How the Duplicates Accumulated

The roots go back roughly fifteen years. Between 2010 and 2018, Wollongong Council ran at least three separate digitisation drives — one linked to the Wollongong City Library's local history collection on Kembla Street, one tied to the tourism unit promoting Flagstaff Hill and the northern beaches corridor, and a third managed by the communications team for media releases. Each team operated its own folder structure. There was no single controlled vocabulary, no mandatory file-naming convention, and no automated deduplication check at the point of upload.

The council's move to a shared SharePoint environment around 2019 merged these repositories without first auditing them. Staff who needed a photograph of, say, Port Kembla Harbour for a planning submission would often re-upload an image they found on a desktop drive rather than search the shared library — which was slow and poorly indexed. The result was geometric: each migration event roughly doubled the redundancy rate for heavily used subject areas like the steelworks precinct, Belmore Basin, and the northern suburbs.

Community organisations that regularly collaborate with council — including the Illawarra Performing Arts Centre and several neighbourhood renewal groups operating under the Stronger Communities program in suburbs such as Warrawong and Dapto — experienced the downstream effect as broken image links in co-branded publications and mismatched photo credits in grant acquittals.

The Current Remediation Effort

Council engaged a records management contractor earlier this year to begin a systematic deduplication pass across the primary asset library.

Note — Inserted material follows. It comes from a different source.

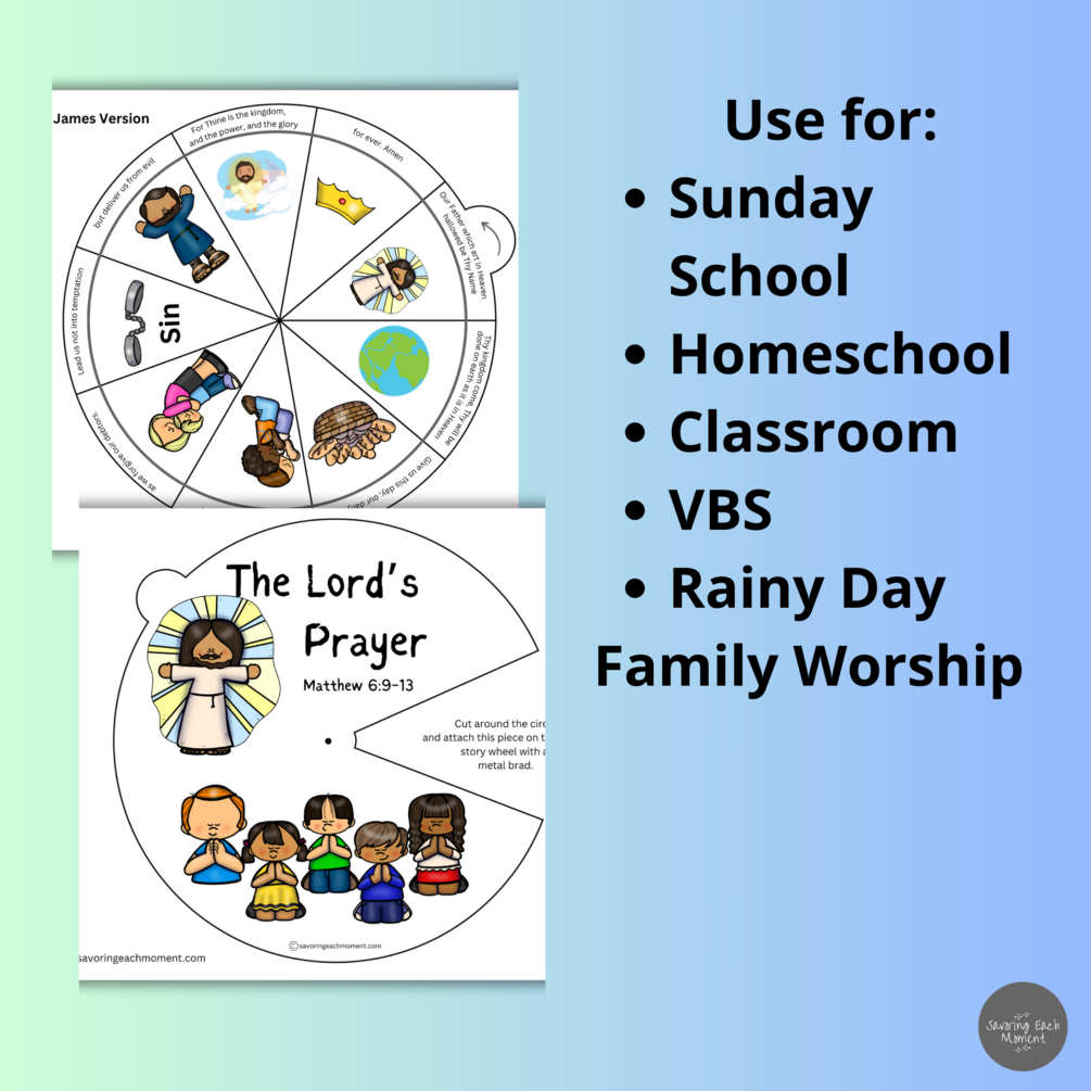Use this Lord's Prayer Story Wheel in your Homeschool activities, in your classroom as a printable activity to reinforce your child's learning about the way Jesus taught us to pray.

The work involves both automated hash-matching software — which identifies byte-for-byte identical files regardless of filename — and a manual review layer for near-duplicate images where cropping or compression differences fool the algorithm.

The project scope, as outlined in council's February 2026 ordinary meeting business papers, covers approximately 340,000 image files. The contractor's work is expected to run through to October 2026. That timeline is tight given the platform migration deadline, and council's records team has flagged that older files tied to the Wollongong Heritage Study — a document dating to 1993 that underpins planning decisions across the inner city — require particular care before any deletion is authorised.

For residents and local organisations, the practical takeaway is straightforward. Any group that has received council-supplied imagery for newsletters, grant applications or event collateral in the past five years should audit their own file holdings before the October cutover. After the new digital asset management system goes live, legacy file paths will break. The council's records team, reachable through the Crown Street civic centre, has indicated it will publish a transition guide, though a release date had not been confirmed as of this week.

The broader lesson from Wollongong's experience is one being replicated in local government offices across New South Wales: rapid digitisation without governance frameworks creates storage debt that eventually has to be repaid, and the interest compounds with every additional migration cycle. Getting the library clean before the next platform move is not optional — it's the only way to avoid repeating the cycle again in another decade.